During that 5 mile stroll, I looked around at the other participants, all shapes and sizes. I heard the negative reel in my head. Judging myself against other people — oh you’re way bigger than her. But you’re smaller than him.
What does that matter, Lauren? WHAT? Nothing; it means nothing. I want it to stop. I don’t want to want be on the worth-granting committee of my own head anymore. I want to see people and effort and ingenuity and kindness. Because that’s what I want people to see when they see me.
I took all this back to my (amazing) therapist and we started to unpack it. We talked about the way I see myself (a horrible growing blob), the way I think other people see me (lazy, undisciplined, gluttonous, out of control, unhealthy, unworthy, unlovable, untrustworthy). Which is like, kind of crazy.
My therapist told me to try to regulate my thoughts. Let them come, but put them in perspective, reframe them. React kindly to my own self degradation, try to actually be gentle with myself. So I gave it a go when I went to Mexico for a long weekend.

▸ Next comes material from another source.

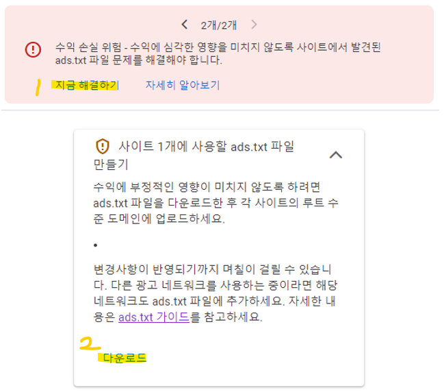 ads.txt 파일은 구글에서 제공해 준다. 알림창 하단에 "지금 해결하기" 링크를 누르면 내 애드센스 설정값이 들어가 있는 ads.txt 파일을 다운로드할 수 있다.

It was all bikinis and shorts and tank tops. My clothes fit me, but not nearly as well as the summer before. And I was surrounded by other people who were also in bikinis and shorts and tank tops. Usually, I would spend a lot of time covering up, thinking that that everyone was staring at me, thinking I was blob. Thinking I shouldn’t be there in my swimsuit.
But you know what? No one said a word to me about my big thighs and hips and cellulite. Not one person said — didn’t those shorts fit you better last year? No one in the whole country asked me how much I weighed. My friend that I traveled with didn’t seem grossed out by my body. And if she was, she mercifully didn’t make a big scene about it.
It was at that moment that I knew I would be OK. I started looking into the Healthy At Every Size Movement which is basically helping people recognize markers for health that are not solely focused on weight and therefor outward appearance. I read Shrill, Hungry and I’m trying to get through Rethinking Thin and Tales from the Fat-o-sphere.
But most importantly, I’m living my damn life. I am going to barre like 7 days a week (I was, right now my should is injured but I’ll be back). I’ve taken up spinning. And when I’m there I focus on the joy of the movement. I don’t think about the food I ate that landed me in work out class, or how many calories I’m burning off.
And most importantly, I’m trying very earnestly to honor my body right here and right now. I’m honest with myself about the size of clothes that fit my body right now. I don’t beat myself up over those or any other arbitrary numbers that might come up.
And I’m trying to really fuel my body. Like honest to goodness. I’ve started seeing a Registered Dietician who focuses on body positivity. I am trying not to see food as an enemy or a force. Just food. And like some vegetable occasionally.
And I’m going to be real. It’s really hard. Some days I legit just feel fat and ugly. But most days, I realize when I’m not obsessing about food and exercise, I have a lot of bandwidth for other things like reading, and writing and friends.
I’m not saying I’ll never run again but the time for racing long distances in this phase of my life is over. And I’m OK with that. I’m so much more than a runner. I’m a lot of thing. But one thing I’m not is ashamed of who I am or what I look like.